Factos menstruais

[dropcap]U[/dropcap]ma associação no Reino Unido estabeleceu que esta seria a semana da consciência ambienta-menstrual onde tentam incorporar vários temas que por aqui já vos trouxe ao longo do tempo: tabu, pobreza, inclusão e representação menstrual, e os seus efeitos no ambiente. A proposta é de que a menstruação, para além de sangue a sair por entre as pernas, seja uma questão de justiça social. Nós, humanos, perpetuamos práticas menstruais que não nos trazem muita saúde, nem física, emocional ou ambiental.

As práticas desenvolvidas para ajudar a gerir a menstruação têm resultado em poluição. Os produtos como pensos e tampões descartáveis acabam no mar e em aterros sanitários. Não há praia com lixo que não tenha algum componente menstrual, e, dada a percentagem atroz de plástico na sua composição, estes objetos nunca vão desaparecer por completo. Um facto aleatório para o vosso conhecimento geral.

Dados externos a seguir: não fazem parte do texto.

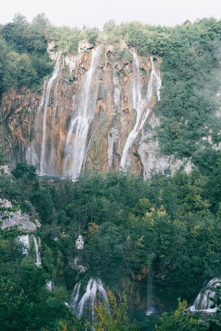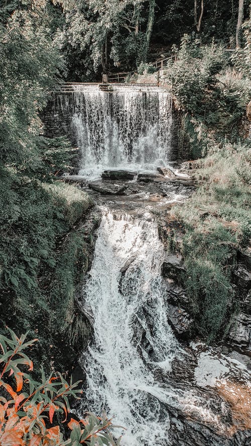 如诗如画的瀑布流淌在岩石深谷的绿色茂密森林中 · 免费素材图片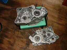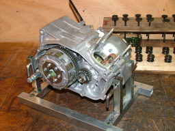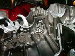 エンジンの腰下=クランクケース側を、先にフレームに載せます。 |

Neste ano de 2020, em que sentimos tudo a mudar, a menstruação continua a ser uma preocupação de topo. O que devia ser tremendamente normal – os úteros sangram mensalmente -, continua a ser uma grande fonte de escárnio e nojo. Vi algures uma tira de BD que ilustrava a dificuldade em normalizar o sangue menstrual. Imaginem um tipo sentado no sofá a ver uma batalha sangrenta na televisão, está todo contente! Em outro momento, aparece um penso ensanguentado no ecrã, e com ele vem a expressão de horror do espectador. Padrões duplos, é o que é. Para umas situações o sangue é fixe, para outras é absolutamente intolerável.

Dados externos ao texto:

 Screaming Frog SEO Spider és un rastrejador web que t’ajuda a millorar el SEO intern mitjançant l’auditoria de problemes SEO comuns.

De quem é a culpa desta discriminação menstrual hedionda? Nossa, minha, tua, de todos. A educação menstrual está mais a cargo das empresas de comercialização de produtos do que de conversas familiares sem vieses comerciais. Empresas que retratam a menstruação como um líquido azul. Porque ainda hoje, ninguém diz que está com o período. Ensinou-me a minha mãe. Insinua-se que se está menstruada, com um código de morse, com olhares de “a ver se me faço entender”. Desconversa-se a menstruação porque o aceitamos como a norma, e há quem sinta a necessidade de se desculpar por sequer mencioná-la na comunicação social.

Não se fala da menstruação como quem fala de queques, por exemplo. Se assim fosse estaríamos mais à vontade em trocar receitas (e factos!), ou discutir as melhores estratégias que nos trazem conforto durante dias de inchaço e dor, até aos produtos que usamos e queremos recomendar. Sabiam que a água ensanguentada, das lavagens dos pensos e cuecas menstruais reutilizáveis, resulta numa água tão incrivelmente rica que podem regar as vossas plantas com ela? Outro facto menstrual que provavelmente não sabiam, e este, muito benéfico para o ambiente.

Até acho que, a incapacidade de falar de menstruações como quem fala de um bolo de arroz, e o uso massivo de produtos descartáveis, fizeram com que as pessoas menstruantes se desconectassem da sua menstruação. O que ela é e para onde vai? O plástico e a menstruação começaram a ter uma relação mais íntima, precisamente porque as pessoas queriam formas discretas de lidar com ela. Mas agora que vemos os pensos descartáveis (que podem ter 90% de plástico! Outro facto) a serem encontrados pelas praias do mundo, as pessoas mais ambientalmente conscientes ficaram com vontade de utilizar outros produtos: pensos reutilizáveis e copos menstruais. Com esta transformação vem outra transformação desejável: uma relação mais próxima com a menstruação, olhar o sangue de frente e aguentar todas as pressões que nos sinalizaram que podia ser nojento. Não vale a pena viver na pouca aceitação (social e individual) porque a menstruação é um facto inevitável da vida.